Presiden Iran serukan langkah hadang ISIS

Sumber gambar, AP
Presiden Iran Hassan Rouhani menyatakan, harus segera diambil langkah untuk mencegah terorisme dan ekstrimisme di Asia dan Afrika karena akan membawa ketidakamanan di seluruh dunia.
Dalam pidato yang disampaikan dalam Konferensi Asia Afrika Rabu (22/4), Presiden Iran menyatakan kelompok teroris dan ekstrimis terutama di Irak dan Suriah mendapatkan dukungan dari sponsor internasional dan regional.
“Para ekstrimis menikmati dukungan intelejen, logistik dan finasial dari sejumlah pemain regional dan internasional untuk mencapai tujuan mereka yang tidak sah; para sponsor mereka yang tak mempedulikan krisis stabilitas yang berlanjut di wilayah akan membawa ketidakamanan di seluruh dunia termasuk negara mereka.
Dia meminta agar negara-negara mencegah penyebaran terorisme dan ekstrimisme di sejumlah negara di Asia dan Afrika, terutama di Irak dan Suriah, seperti dilaporkan oleh wartawan BBC Indonesia di Jakarta, Sri Lestari.
Rouhani mengatakan para ekstrimis terutama di Irak dan suriah telah mempertontonkan metode yang barbar untuk membunuh perempuan, laki-laki dan anak-anak yang tidak bersalah dan bertujuan untuk menghancurkan infrastuktur di negara ini.
Iran menyatakan ini saat yang tepat untuk meluncurkan Aksi Global Melawan kekerasan dan Ekstrimisme (GAVE), yang memiliki konsep fundamental untuk menghormati hak untuk hidup, kepercayaan, agama dan etnis serta ras.
Rouhani mengatakan aksi global ini juga harus dapat mencegah anak-anak muda untuk bergabung dengan kelompok ekstrimis.

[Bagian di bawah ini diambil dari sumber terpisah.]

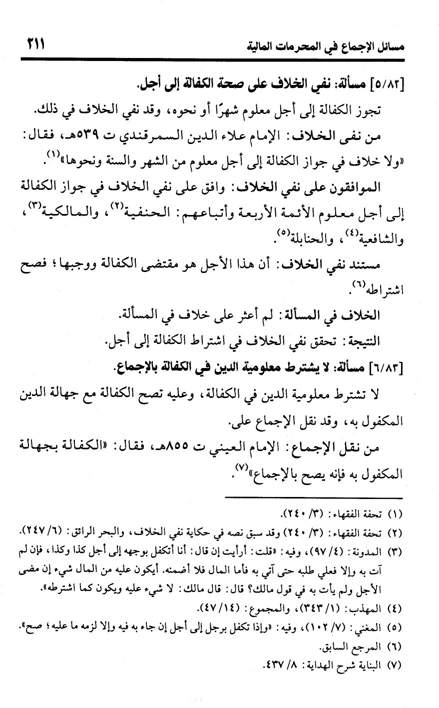 [83/ 6] مسألة: لا يشترط معلومية الدين في الكفالة بالإجماع.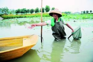 “幸運(yùn)的游客可以在游船時(shí)看到漁民捉魚(yú)的情景。”蓮花水鄉(xiāng)的工作人員告訴記者,現(xiàn)在景區(qū)共有10條疍家漁船,撐船者都是當(dāng)?shù)貪O民,閑暇時(shí)他們會(huì)在湖中捉魚(yú),頗有江南魚(yú)米鄉(xiāng)之感。

“Kita harus mengidentifikasi alasan anak-anak muda kita tertarik dengan kelompok teroris dan menghentikan rekrutmen mereka. Akar radikalisme dari budaya dan ekonomi serta keinginan untuk melakukan kekerasan harus dapat diidentifikasi,” jelas Rouhani.

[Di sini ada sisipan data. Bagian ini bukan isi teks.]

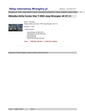 Sklep internetowy Wranglery.pl Utworzono : 08 marzec 2017 Wranglery JK - 2007 > Doposażenie i Tuning > doposażenie zewnętrzne > osłony i nakładki > osłony i nakładki T-Rex > W Wkładka Grilla Center Star T-REX Jeep Wrangler JK 07-13 Model : TRX-66481 Wkładka Grilla Center Star T-REX Jeep Wrangler JK 07-13 Producent : T-Rex �atrapa przednia, � Jeep Wrangler JK 2007-2013 � montowana na atrapę fabryczną � stal nierdzewna � jednoczęściowa � montaż nie wymaga wiercenia Cena : 1.999,00 zł Brutto ( 1.625,20 zł Netto) Dostępność: Produkt dostępny w naszym sklepie od 05 marzec 2013 kontakt : - [email protected] Strona 1

Dalam pidato yang disampaikan dalam Konferensi Asia Afrika, Rouhani juga mengajak pemimpin negara untuk jujur dalam mengambil kebijakan untuk menyelesaikan masalah ekonomi, mempromosikan keadilan social dan mencegah penyebaran budaya kerasan.
Sementara itu Raja Abdullah dari Yordania mengatakan kerjasama Selatan-Selatan dapat membantu masalah ekonomi, dan menciptakan lingkungan yang damai bagi semua orang.
Iran disebut-sebut mendukung rezim Bashar al Assad di Suriah, yang negaranya porak poranda akibat perang dans ebagian wilayahnya kini dikuasai kelompok radikal brutal yang menamakan diri Negara Islam atau ISIS. Iran juga sering dituding terlibat mendukung milisi Hisbullah di Lebanon, serta pemberontak Houthi di Yaman.